Historian Tom Holland at UnHerd has been having similar thoughts:
Why has the death of a man across the Atlantic, at the hands of a police force equipped with immeasurably more guns than our own, in a country with a very different history of race relations, become a topic of such consuming interest in Britain? It is not as though the United States is the only superpower in which terrible things are currently happening.
Why, if people in Britain feel that they have a moral responsibility to march against Donald Trump, are they not also breaking the lockdown to protest the crushing of liberty in Hong Kong — a city that was, unlike America, a British colony as recently as 1997? Why, when the death of a black man in Minneapolis can provoke such anguish among minorities here, has the detention of a million Muslims in Xinjiang — and a systematic attempt by the Chinese government at cultural genocide — failed to provoke a matching storm? [...]
Britain has been in hock now to American narratives for at least a century.

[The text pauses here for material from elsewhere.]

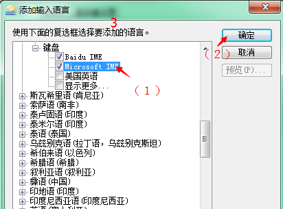 5、弹出“添加输入语言”选择一个键盘模式,比如 Microsoft IME,然后点击右侧【确定】。

Sharing as we do a common language with Hollywood, we have always been readier than other nations to be seduced by its mythologies. Today, in an era of computer games and box sets, these mythologies have become more potent, more influential than ever.
But he takes it further, seeing this as a continuation of that great story of America as our promised land - trying again, and failing again, to live up to its destiny as the "City on a Hill":
As minorities mass on the banks of the Jordan to attempt yet again to ford the river, white liberals — often literally kneeling and raising their hands in prayer as they do so — confess their sins and beg for absolution. Only through repentance, their conveners preach, is there any prospect of obtaining salvation. The activists, however, are not merely addressing those gathered before them. Their gaze, as the gaze of preachers in America has always been, right from the very first voyages of the Puritans across the Atlantic to New England, is fixed on the world beyond. Their summons is to sinners everywhere — in London as in New York, in Amsterdam as in Los Angeles. Their ambition is to serve as a city on a hill.
It is also remarkable that there is so little empathy for the pregnant women who had a gun held to her stomach.